Biden to meet with Afghan President Ghani as violence surges

Biden will seek to reassure Ghani and Abdullah of US support for the Afghan people

Reuters June 20, 2021
US President Joe Biden speaks about the administration's response to the coronavirus disease (Covid-19) pandemic at the White House in Washington, US, March 2, 2021. PHOTO: REUTERS

US President Joe Biden will meet at the White House with Afghan President Ashraf Ghani and chairman of Afghanistan's High Council for National Reconciliation Abdullah Abdullah on Friday to discuss US. troop withdrawal amid a surge in fighting between Afghan forces and the Taliban across the country.
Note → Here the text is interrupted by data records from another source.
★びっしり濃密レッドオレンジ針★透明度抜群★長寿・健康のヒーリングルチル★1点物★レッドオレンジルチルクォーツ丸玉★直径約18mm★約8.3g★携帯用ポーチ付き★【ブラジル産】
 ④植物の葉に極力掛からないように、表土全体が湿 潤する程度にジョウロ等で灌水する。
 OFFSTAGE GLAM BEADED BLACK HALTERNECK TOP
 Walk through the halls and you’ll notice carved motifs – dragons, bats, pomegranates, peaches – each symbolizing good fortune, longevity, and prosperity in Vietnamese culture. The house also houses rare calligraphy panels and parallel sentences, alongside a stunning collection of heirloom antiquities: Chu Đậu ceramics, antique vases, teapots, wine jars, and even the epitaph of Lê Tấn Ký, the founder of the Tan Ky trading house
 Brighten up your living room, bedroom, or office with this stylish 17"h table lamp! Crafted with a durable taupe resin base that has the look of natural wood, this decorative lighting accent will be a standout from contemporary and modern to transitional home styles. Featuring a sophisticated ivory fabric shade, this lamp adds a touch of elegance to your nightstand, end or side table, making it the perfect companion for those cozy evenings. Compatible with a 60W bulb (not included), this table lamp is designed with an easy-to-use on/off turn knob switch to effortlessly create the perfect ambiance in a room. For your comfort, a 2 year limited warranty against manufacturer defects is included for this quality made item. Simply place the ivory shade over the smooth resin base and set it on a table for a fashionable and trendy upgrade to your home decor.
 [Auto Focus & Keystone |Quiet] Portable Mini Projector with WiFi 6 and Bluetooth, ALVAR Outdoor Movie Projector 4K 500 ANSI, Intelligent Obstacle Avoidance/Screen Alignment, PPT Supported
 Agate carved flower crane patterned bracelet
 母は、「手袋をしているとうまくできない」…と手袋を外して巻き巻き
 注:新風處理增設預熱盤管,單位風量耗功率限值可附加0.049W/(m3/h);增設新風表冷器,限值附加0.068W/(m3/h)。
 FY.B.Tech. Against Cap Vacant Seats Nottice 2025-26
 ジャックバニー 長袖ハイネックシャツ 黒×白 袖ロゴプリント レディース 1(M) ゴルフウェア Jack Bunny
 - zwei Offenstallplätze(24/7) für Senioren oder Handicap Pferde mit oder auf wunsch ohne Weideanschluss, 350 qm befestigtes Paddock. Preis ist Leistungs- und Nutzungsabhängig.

In their first face-to-face meeting, Biden will seek to reassure Ghani and Abdullah of US support for the Afghan people including diplomatic, economic and humanitarian assistance, the White House said in a statement. Biden will also repeat his pledge to ensure that the country never becomes a safe haven for terrorist groups.

Also read: Afghan president replaces two top ministers, army chief as violence grows

"The visit by President Ghani and Dr. Abdullah will highlight the enduring partnership between the United States and Afghanistan as the military drawdown continues," the White House said.

However, since Biden's decision in April to pull out all US troops before Sept. 11 to end America's longest war after nearly 20 years of conflict, at least 30 districts have been seized by the Taliban.

The group has staged a campaign to expand its influence across the country as the United States began withdrawing troops on May 1 and closed some bases and handed them over to the Afghan government.

The Taliban was not immediately available for comment and there was no immediate reaction from Ghani's office.

But a senior Afghan official said the Afghan president would be seeking assurances from the United States over its continued support for Afghan security forces in the aftermath of the withdrawal.

The visit would also come in the face of slow progress in talks between the Taliban and Afghan government representatives in Qatar. Officials have raised concerns over the stalling negotiations and have said the Taliban has not yet submitted a written peace proposal that could be used as a starting point for substantive talks.

In May, U.S. intelligence analysts released an assessment that the Taliban "would roll back much" of the progress made in Afghan women's rights if the Islamist extremists regained national power.